Se é que alguma vez aconteça. Era necessário que os homens, seres masculinos, lutarem dentro dela pelo fim da discriminação das mulheres, da perseguição das mulheres, do controlo das mulheres e da imposição de sofrimento gratuito às mulheres. A Igreja são as pessoas que a fazem. Ora o que vejo, cada vez mais, são homens a defender que pôr as mulheres em casa a procriar como animais da quinta faz bem à família, ou seja, faz bem aos homens. Outros homens a criarem novas versões ainda mais retrogradas. As religiões, todas as religiões organizadas são instrumentos de opressão de mulheres. Algumas, como as islâmicas, mais que isso, são instrumentos de violência e morte. Vejo este Papa como um retrocesso. Alguém que alinha com o Islão por ser uma religião, do mesmo modo que os homens alinham uns com os outros e são cúmplices da violência do outro. Alguém que não tem o menor interesse na humanidade das mulheres, na voz das mulheres e, muito menos, em partilhar poder com mulheres.

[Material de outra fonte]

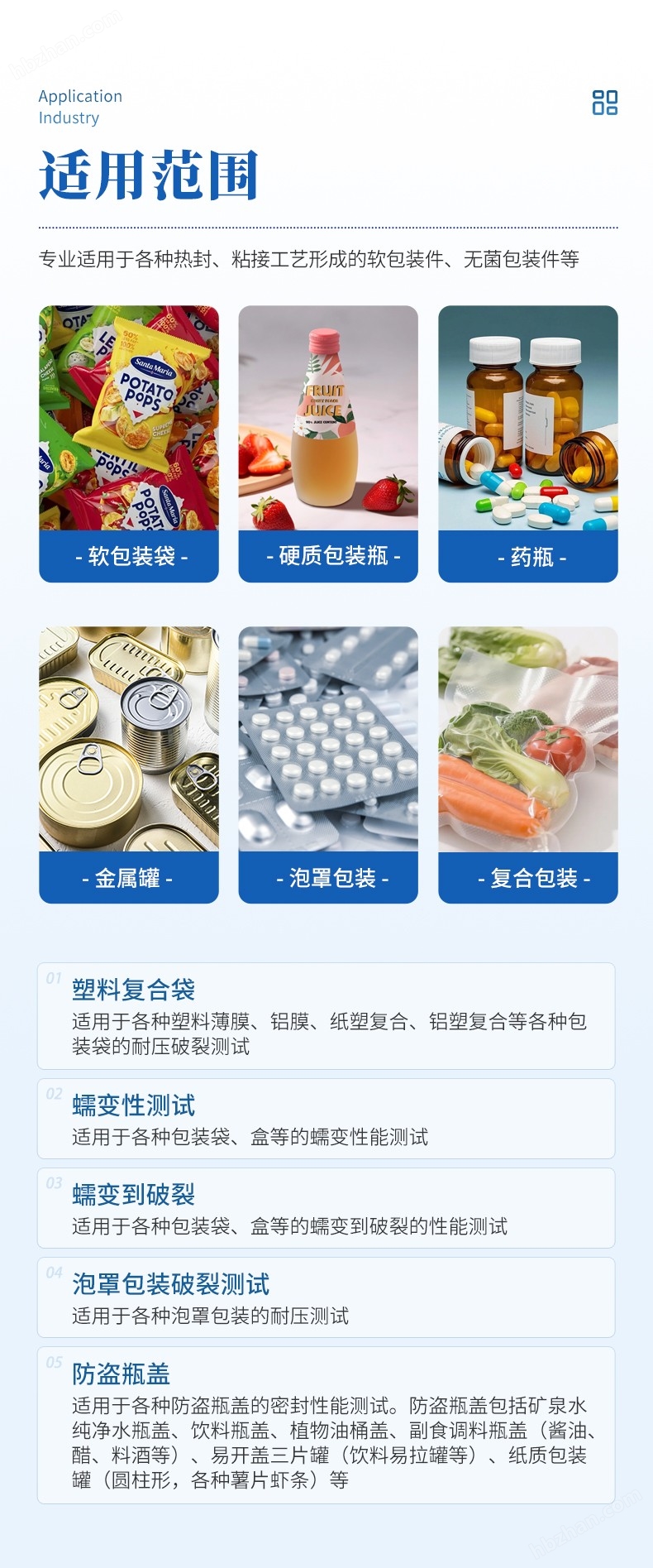 | 泡罩包裝破裂測試 | 適用于各種泡罩包裝的耐壓測試 |

Se as mulheres não se tornarem todas cobardes, cúmplices de opressores violentos de mulheres, como vemos as da extrema esquerda fazerem aliando-se aos mais violentos extremistas islâmicos, e se lutarem pelo direito a existirem com voz própria em liberdade, esta religião católica tem os dias contados, mesmo que a conta só se feche daqui a 500 anos.


10 comments:

  1. Não sei se a conta que gostaria de ver fechada é a da 'religião católica', como diz, ou a da 'igreja católica'. De qualquer maneira, penso que daqui a 500 anos haverá alguém a desejar o mesmo para os anos seguintes. Muito disto já acontece há 200 anos, e a Igreja Católica, com todos os seus defeitos, ainda por cá anda.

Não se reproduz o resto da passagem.